ELT is a workflow that enables BI analysis while sidestepping the data warehouse. But those same organizations that use Hadoop or similar tools in an ELT paradigm, still have a data warehouse. They use it for critical business analysis on their central business metrics—finance, CRM, ERP, and so on.
Data warehouses are still needed for the same five reasons listed above.
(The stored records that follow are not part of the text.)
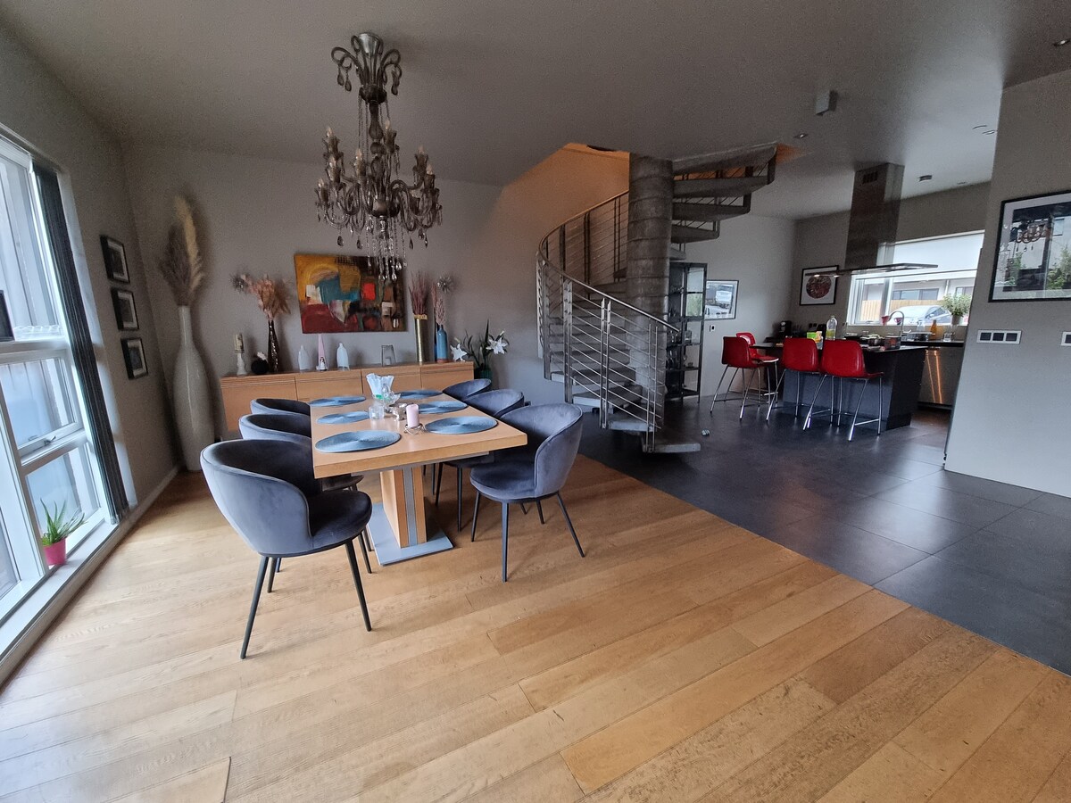 Vårt rymliga hem är 265 fm2 med privat parkering, havsutsikt och trevlig trädgård i ganska grannskap 10-15 minuter från centrala Reykjavík med buss/bil. Busstationen ligger 2 minuters promenad bort. 5 minuters promenad till lokal pool, 24 timmars stormarknad, apotek, bageri, glassbutik. Vacker restaurang/bar med utsikt över havet och solnedgången 2 minuters promenad bort. Köket och vardagsrummet ligger i ett öppet område - mycket rymligt. Det finns 4 sovrum och sängarrangemanget kan ändras perfekt för familjen.
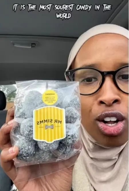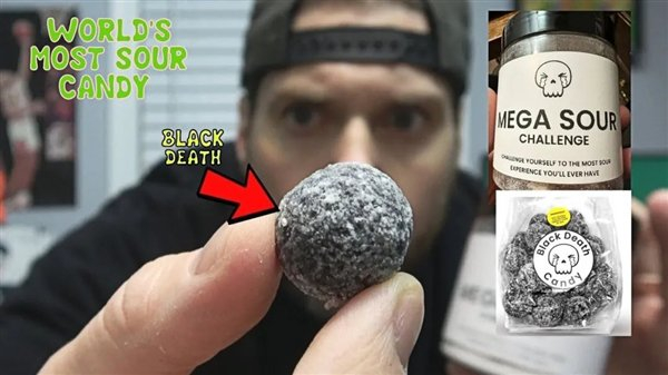 2023年,网络上就一直流行这种糖果挑战,英国的一位女博主就是参与者之一,为了庆祝自己的粉丝突破百万,她决定挑战黑色小糖果Black Death。
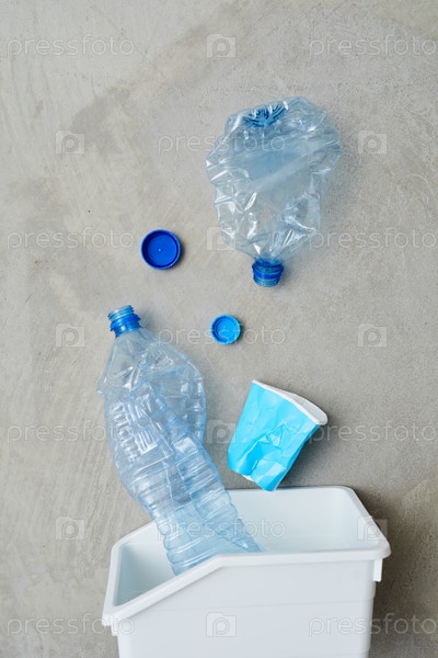 Сортировка пластика в мусорной корзине

Raw data must be prepared and transformed to enable analysis on the most critical, structured business data. If management needs to see a weekly revenue dashboard, or an in-depth analysis on revenue across all business units, data needs to be organized and validated; it can’t be pieced together from a data lake.
Can such a structured analysis happen without a rigid ETL process? Or in other words, are ELT strategies relevant inside the data warehouse?
BI in an Enterprise Data Warehouse without ETL
New, automated data warehouses are changing the game, by allowing Extract-Load-Transform (ELT) within an enterprise data warehouse. They can address:
- Data not in suitable form for reporting
- Data has quality issues
- Strain on transactional database performance
- Data dispersed across many systems
- Lack of historic information
The primary benefit is shorter time to analysis. With an automated data warehouse, you can go from raw data to analysis in minutes or hours, instead of weeks to months.
From Monolithic Data Warehouse to Agile Data Infrastructure
Data warehouses have come a long way. The monolithic Enterprise Data Warehouse (EDW), which required a multi-million dollar project to setup, and allowed only very limited BI analysis on specific types of structured data, is soon to be a thing of the past.
Today there are two quick, low cost ways to get from raw data to business insights:
- Data lake with an ELT strategy — does not allow the same critical business analysis as the EDW. But a data lake lets you do more with BI, extracting insights from enterprise data that was not previously accessible.
- Automated data warehouse — new ELT tools let you pull data into a cloud data warehouse, prepare and optimize the data automatically, and conduct transformations on the fly to organize the data for analysis. With a smart data warehouse and an integrated BI tool, you can literally go from raw data to insights in minutes.
The slow-moving ETL dinosaur is not acceptable in today’s business environment. Organizations are saving money and making business decisions faster, by simplifying and streamlining process the data preparation process.